Instructions for the task → Leave out the pictures and print the records below exactly.

Data for analysis →

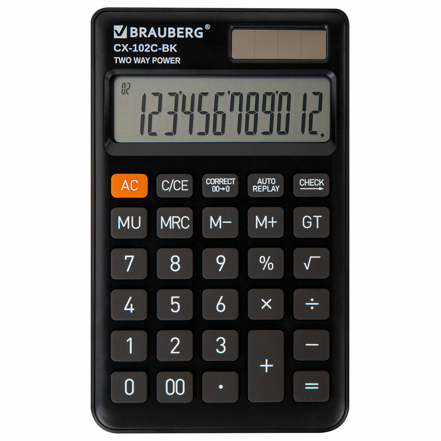 Калькулятор карманный BRAUBERG CX-102C-BK (76x126 мм), 12 разрядов, двойное питание, ЧЕРНЫЙ Код товара: 272647 361,19 ₽ Купить Производитель:BRAUBERG Карманный калькулятор BRAUBERG CX-102C-BK – компактный и надежный помощник в работе и учебе. Его удобно использовать в офисе, школе и в быту. Калькулятор производит все основные арифметические действия, вычисление с памятью, расчет наценки, вычисление с процентами, возведение в степень и извлечение квадратного корня. Дополнительно оснащен режимами автоматического просмотра операций, общего суммирования, коррекции. Вводимые данные и результаты вычислений хорошо видно на контрастном дисплее. Калькулятор имеет увеличенное число разрядов. Калькулятор оборудован встроенным аккумулятором и солнечной батареей, что позволяет долгие годы производить всевозможные расчеты, оборудован функцией автоматического отключения (через 8-10 минут бездействия), что позволяет максимально продлить срок службы без замены батареи. Размер – 126x76 мм. Гарантия – 10 лет.Производство: КитайРазрядность дисплея: 12Серия: CX-102CТип питания: 1 батарейка LR54 (LR1130/AG10), солнечный элементКонструктивные особенности: нетЦвет панели: черныйИсполнение: карманныйМатериал клавиш: пластикДлина корпуса: 126 ммШирина корпуса: 76 ммТолщина корпуса: 7.5 ммВес: 55.5 гФункционал: автоматический просмотр операций (Auto replay), вычисление наценки (MU), общее суммирование (GT), просмотр и корректировка (Check)Упаковка: картонная коробка с европодвесомРазмер упаковки: 1.5 × 14.8 × 8 смОбъём: 0.0003 м3Промежуточная упаковка: 40 штТранспортная упаковка: 160 штШтрих-код: 4606224435640 Сертификат-1.jpg Сертификат-2.jpg Сертификат-3.jpg
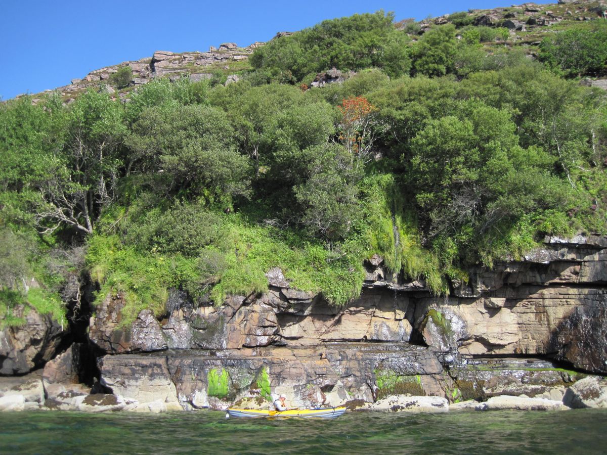 The sky became overcast and the NE wind picked up as I approached Loch Gairloch. The temperature dropped rapidly and I paddled more vigorously towards Carn Deag in an attempt to stay warm. I made a brief stop on the beach at Big Sand (left) but the chill breeze urged me on. I passed downwind along Longa Island with the hope of discovering a sheltered cove for lunch but found none. I then went on across Caol Beag, passed Rubha Ban and kept paddling north with my stomach gurgling. The beauty of the coast was worth the inconvenience of being cold, numb and hungry; huge sections of sandstone cliffs that had fallen in the sea provided an extraordinary maze of narrow passages that I enjoyed threading through. Erosion had also cut multiple geos and caves also worth exploring (I didn’t know what a geo was before reading the SSKT guidebook). I eventually reached Seana Chamas beach, largely uncovered by the outgoing tide and where I landed and dragged my kayak a few yards on a carpet of seaweed.
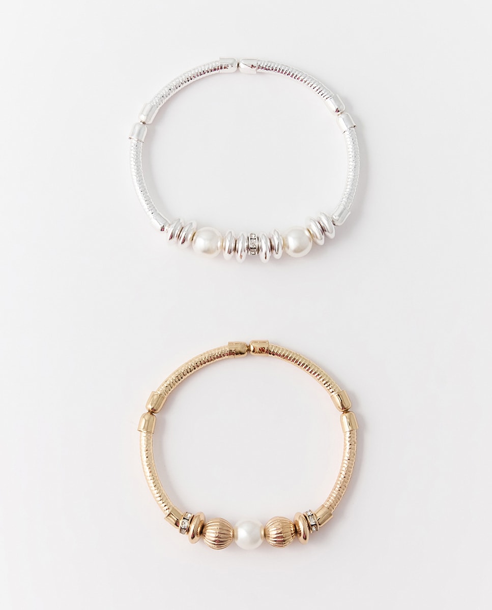 • Set de 2 pulseras metalizadas con detalle de perlas
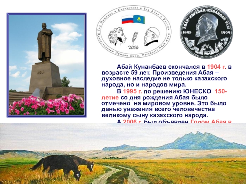 А 2006 г. был объявлен Годом Абая в России и Годом Пушкина в Казахстане.
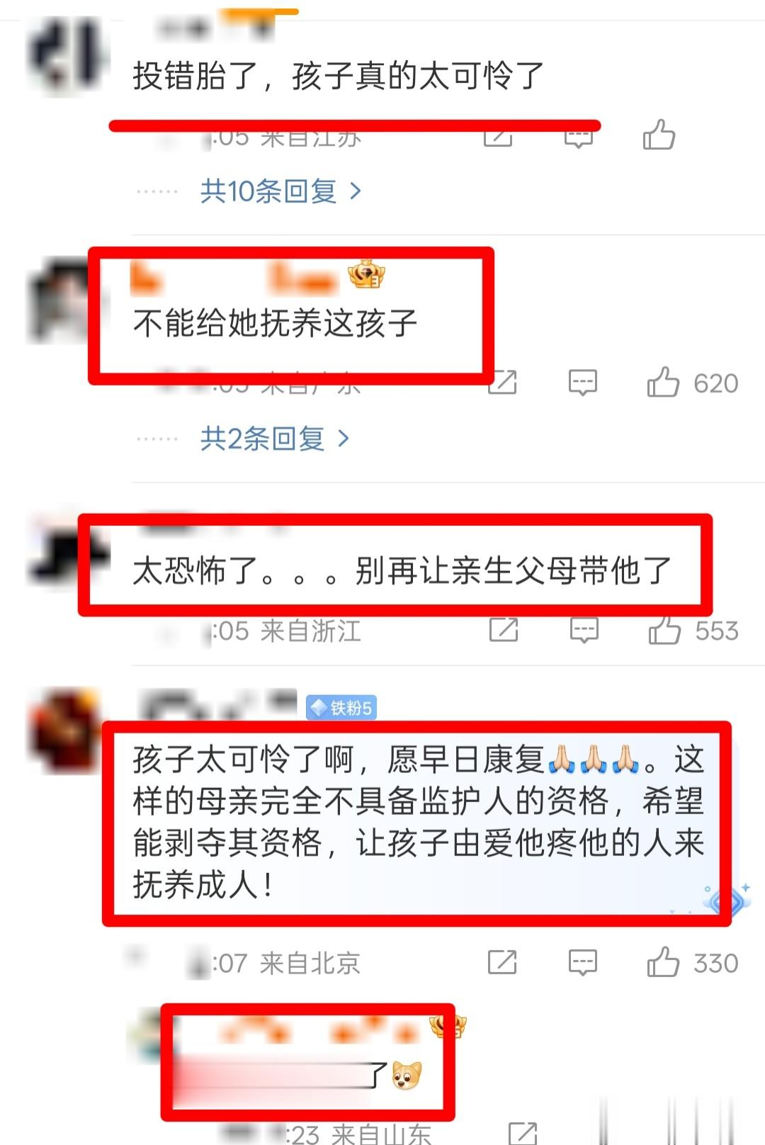 有网友说:“:孩子太可怜了啊,愿早日康复。这样的母亲完全不具备监护人的资格,希望能剥夺其资格,让孩子由爱他疼他的人来抚养成人!”
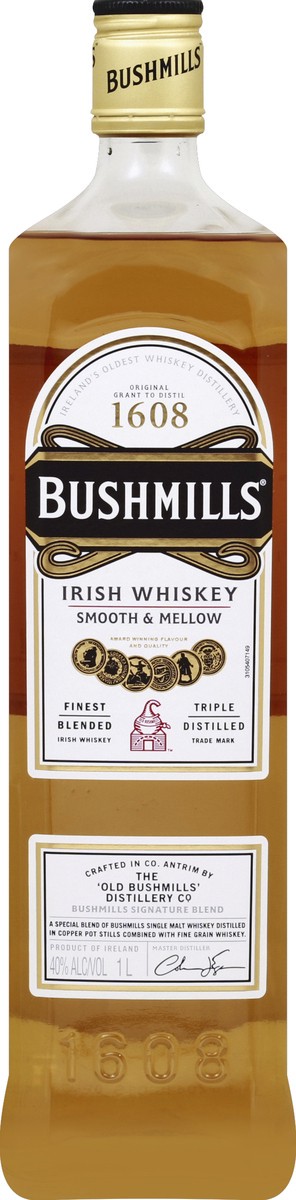 Triple distilled. Smooth & mellow. Finest blended. Original grant to distil 1608. Ireland's oldest whiskey distillery. Bushmills Signature Blend: A special blend of Bushmills single malt whiskey distiā¦
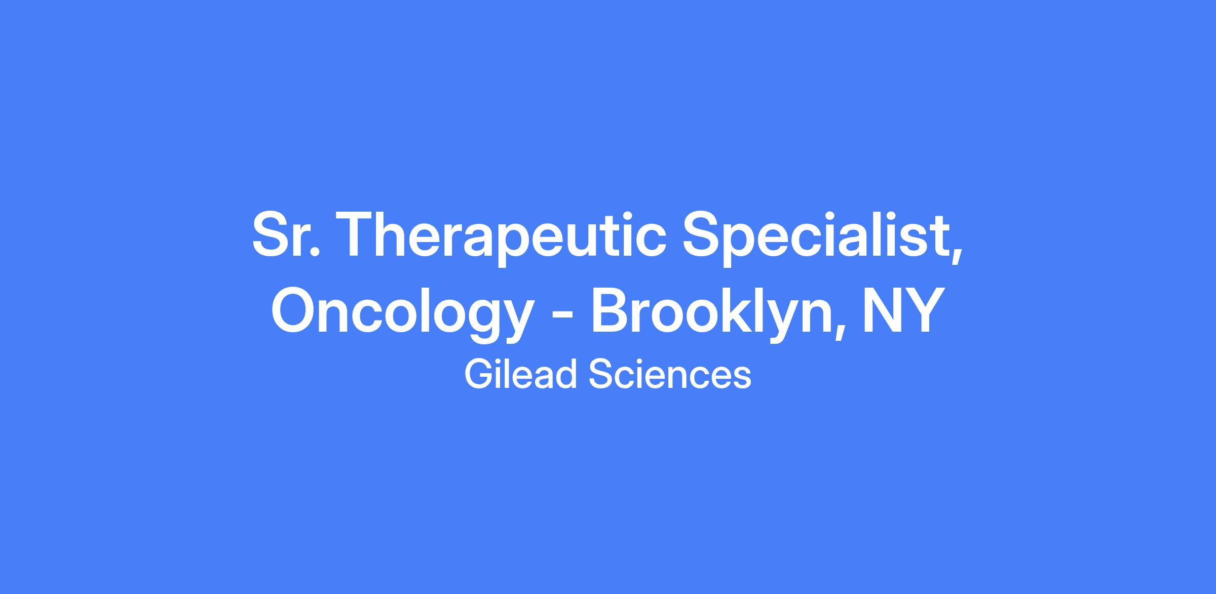Senior Therapeutic Specialist, Oncology, represents Gilead's products and services to a defined customer base within a specific geographic area, with a focus on achieving or exceeding sales targets. The role involves in-person representation and meetings with healthcare practitioners, building strong relationships with practices to provide disease awareness information, clinical updates, and healthcare changes. This opportunity covers the Brooklyn, NY territory.
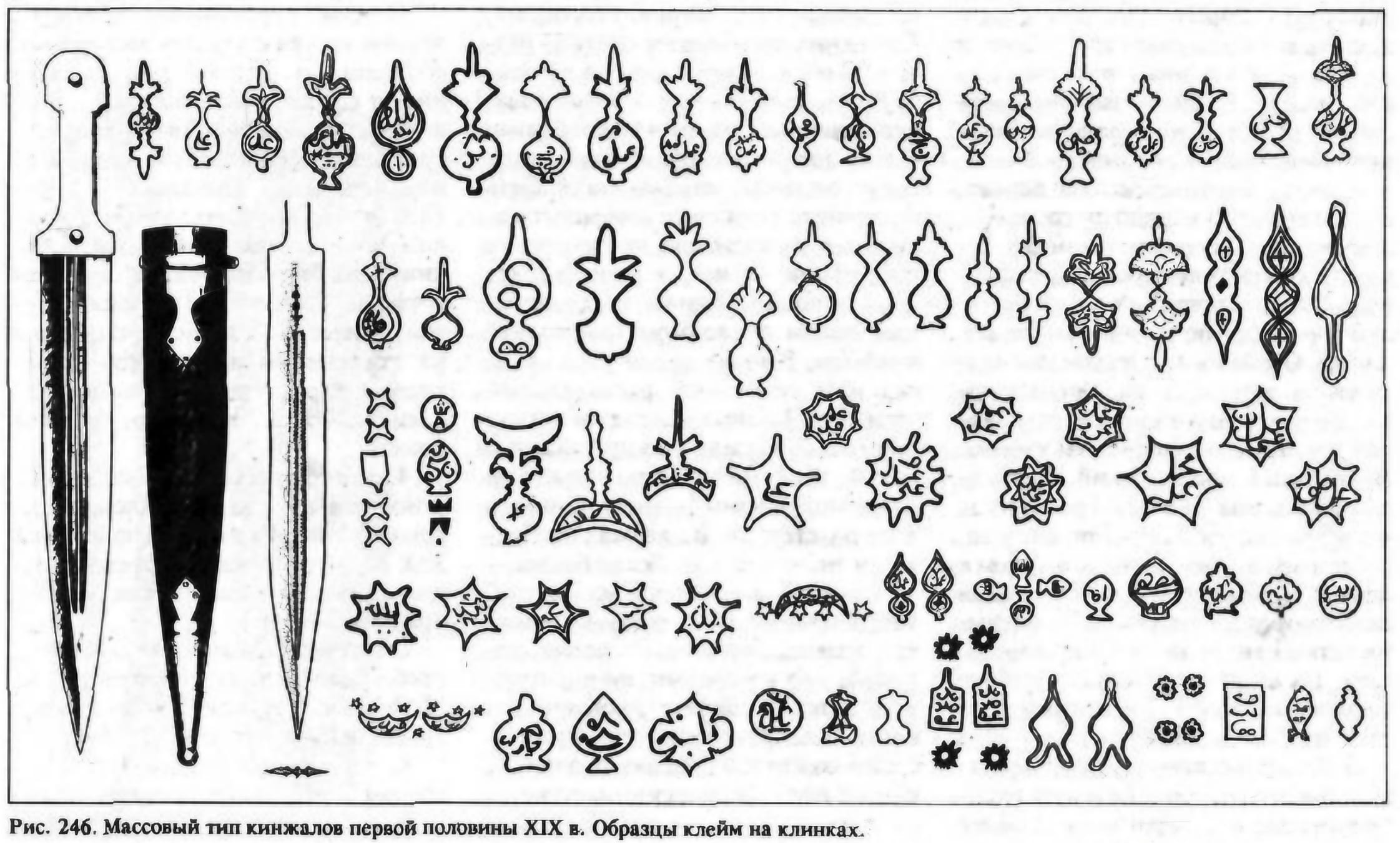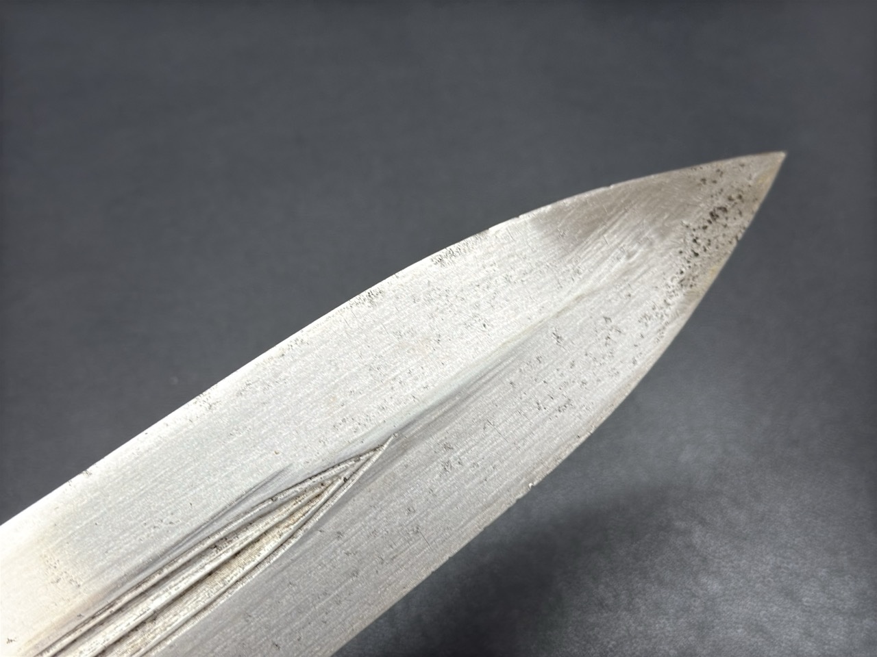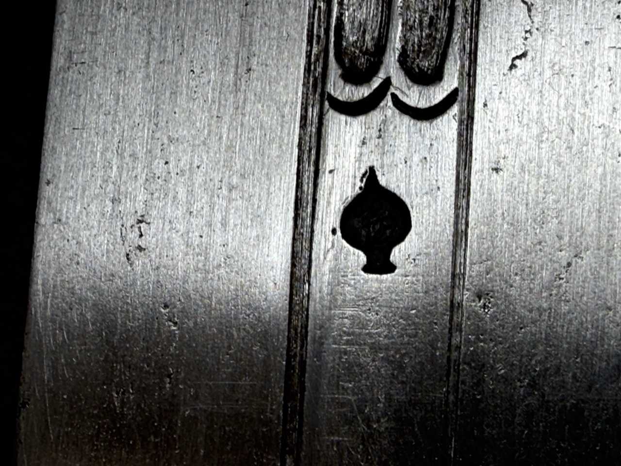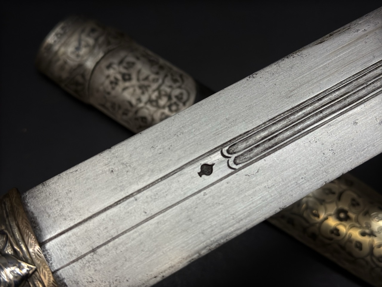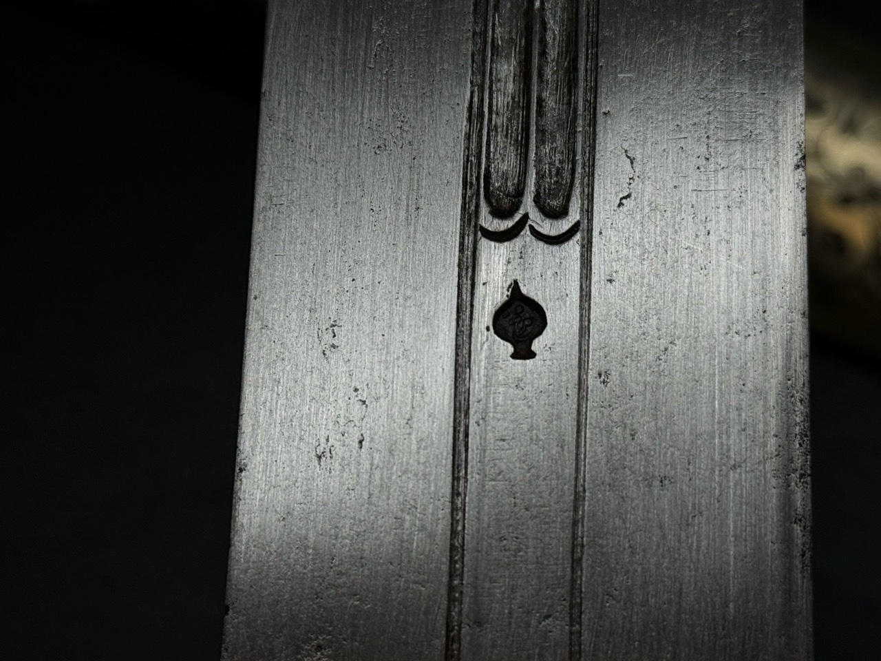 Клинок стальной, двулезвийный, с выраженным долом по центру для облегчения конструкции и повышения жесткости. Имеет характерную форму, широкую в основании и сужающуюся к острию. На клинке присутствует клеймо в виде стилизованного знака (каплевидная метка), что служит идентификатором мастера или центра производства. Лезвие демонстрирует следы исторического бытования и заточки.
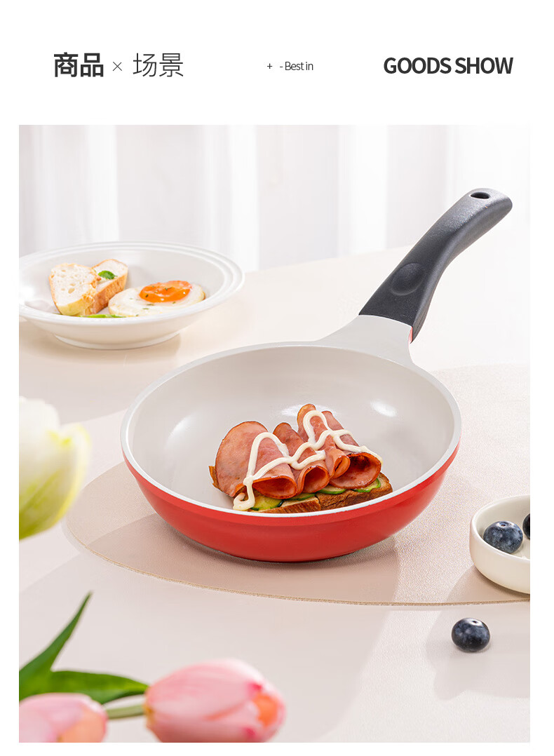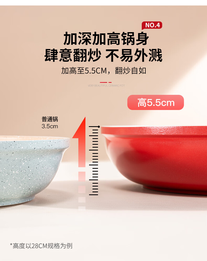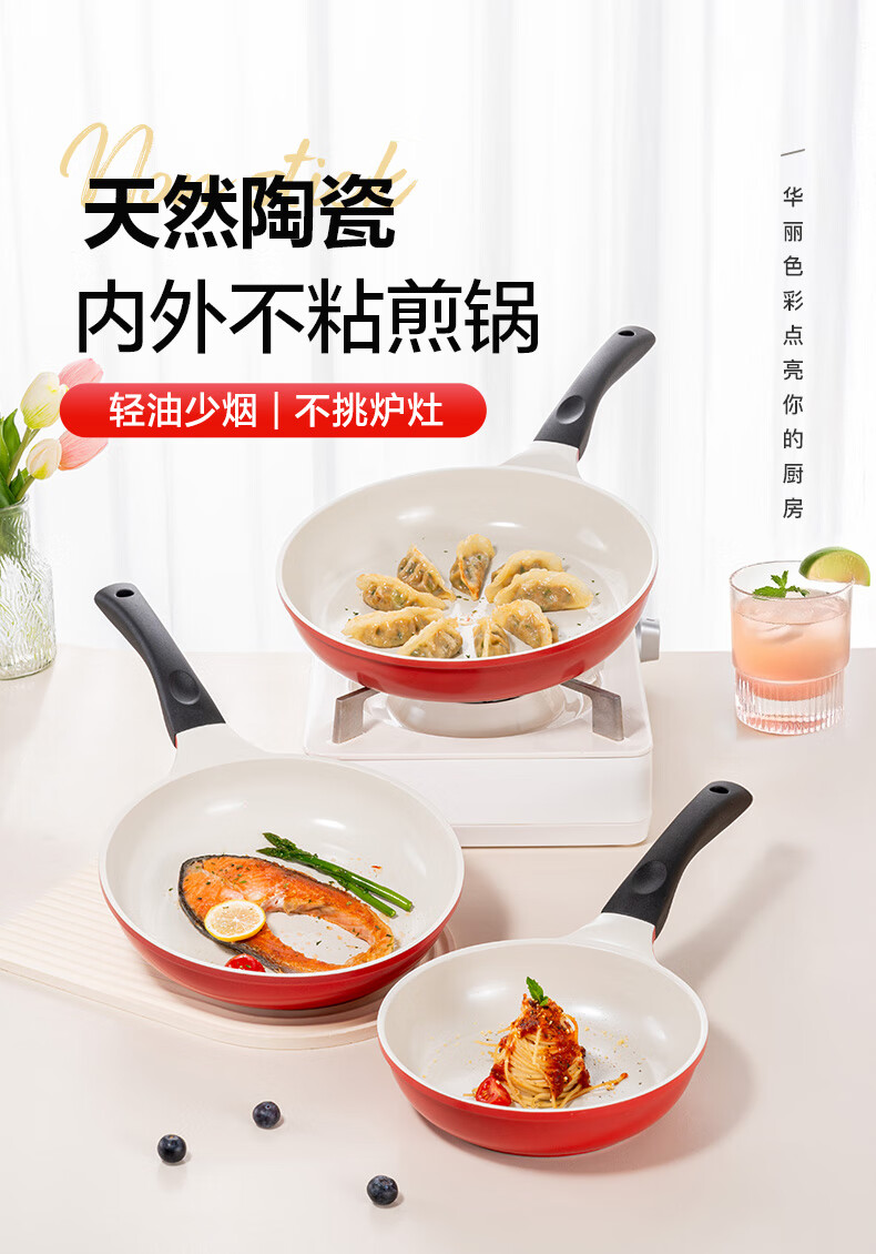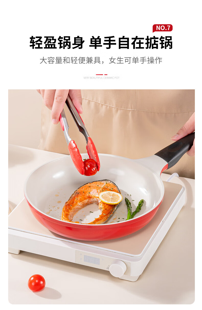 乐扣乐扣(LOCK&LOCK) 陶瓷平底锅不粘锅煎锅炫彩煎饼锅明火电磁炉通用 28cm红色【升级款】
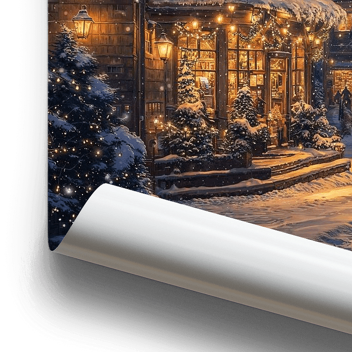 Een magisch winterlandschap komt tot leven, met feestelijk verlichte huizen die glinsteren in de zachte gloed van sneeuwvlokken. Gezinnen dartelen vrolijk op de besneeuwde straat, terwijl een nostalgische sfeer alles omhult. Deze sfeervolle afbeelding voegt een vleugje warmte en feestelijke magie toe aan elke muur in de woonkamer.

Answer for this exercise →
 Калькулятор карманный BRAUBERG CX-102C-BK (76x126 мм), 12 разрядов, двойное питание, ЧЕРНЫЙ Код товара: 272647 361,19 ₽ Купить Производитель:BRAUBERG Карманный калькулятор BRAUBERG CX-102C-BK – компактный и надежный помощник в работе и учебе. Его удобно использовать в офисе, школе и в быту. Калькулятор производит все основные арифметические действия, вычисление с памятью, расчет наценки, вычисление с процентами, возведение в степень и извлечение квадратного корня. Дополнительно оснащен режимами автоматического просмотра операций, общего суммирования, коррекции. Вводимые данные и результаты вычислений хорошо видно на контрастном дисплее. Калькулятор имеет увеличенное число разрядов. Калькулятор оборудован встроенным аккумулятором и солнечной батареей, что позволяет долгие годы производить всевозможные расчеты, оборудован функцией автоматического отключения (через 8-10 минут бездействия), что позволяет максимально продлить срок службы без замены батареи. Размер – 126x76 мм. Гарантия – 10 лет.Производство: КитайРазрядность дисплея: 12Серия: CX-102CТип питания: 1 батарейка LR54 (LR1130/AG10), солнечный элементКонструктивные особенности: нетЦвет панели: черныйИсполнение: карманныйМатериал клавиш: пластикДлина корпуса: 126 ммШирина корпуса: 76 ммТолщина корпуса: 7.5 ммВес: 55.5 гФункционал: автоматический просмотр операций (Auto replay), вычисление наценки (MU), общее суммирование (GT), просмотр и корректировка (Check)Упаковка: картонная коробка с европодвесомРазмер упаковки: 1.5 × 14.8 × 8 смОбъём: 0.0003 м3Промежуточная упаковка: 40 штТранспортная упаковка: 160 штШтрих-код: 4606224435640 Сертификат-1.jpg Сертификат-2.jpg Сертификат-3.jpg
 The sky became overcast and the NE wind picked up as I approached Loch Gairloch. The temperature dropped rapidly and I paddled more vigorously towards Carn Deag in an attempt to stay warm. I made a brief stop on the beach at Big Sand (left) but the chill breeze urged me on. I passed downwind along Longa Island with the hope of discovering a sheltered cove for lunch but found none. I then went on across Caol Beag, passed Rubha Ban and kept paddling north with my stomach gurgling. The beauty of the coast was worth the inconvenience of being cold, numb and hungry; huge sections of sandstone cliffs that had fallen in the sea provided an extraordinary maze of narrow passages that I enjoyed threading through. Erosion had also cut multiple geos and caves also worth exploring (I didn’t know what a geo was before reading the SSKT guidebook). I eventually reached Seana Chamas beach, largely uncovered by the outgoing tide and where I landed and dragged my kayak a few yards on a carpet of seaweed.
 • Set de 2 pulseras metalizadas con detalle de perlas
 А 2006 г. был объявлен Годом Абая в России и Годом Пушкина в Казахстане.
 有网友说:“:孩子太可怜了啊,愿早日康复。这样的母亲完全不具备监护人的资格,希望能剥夺其资格,让孩子由爱他疼他的人来抚养成人!”
 Triple distilled. Smooth & mellow. Finest blended. Original grant to distil 1608. Ireland's oldest whiskey distillery. Bushmills Signature Blend: A special blend of Bushmills single malt whiskey distiā¦
Senior Therapeutic Specialist, Oncology, represents Gilead's products and services to a defined customer base within a specific geographic area, with a focus on achieving or exceeding sales targets. The role involves in-person representation and meetings with healthcare practitioners, building strong relationships with practices to provide disease awareness information, clinical updates, and healthcare changes. This opportunity covers the Brooklyn, NY territory.
 Клинок стальной, двулезвийный, с выраженным долом по центру для облегчения конструкции и повышения жесткости. Имеет характерную форму, широкую в основании и сужающуюся к острию. На клинке присутствует клеймо в виде стилизованного знака (каплевидная метка), что служит идентификатором мастера или центра производства. Лезвие демонстрирует следы исторического бытования и заточки.
 乐扣乐扣(LOCK&LOCK) 陶瓷平底锅不粘锅煎锅炫彩煎饼锅明火电磁炉通用 28cm红色【升级款】
 Een magisch winterlandschap komt tot leven, met feestelijk verlichte huizen die glinsteren in de zachte gloed van sneeuwvlokken. Gezinnen dartelen vrolijk op de besneeuwde straat, terwijl een nostalgische sfeer alles omhult. Deze sfeervolle afbeelding voegt een vleugje warmte en feestelijke magie toe aan elke muur in de woonkamer.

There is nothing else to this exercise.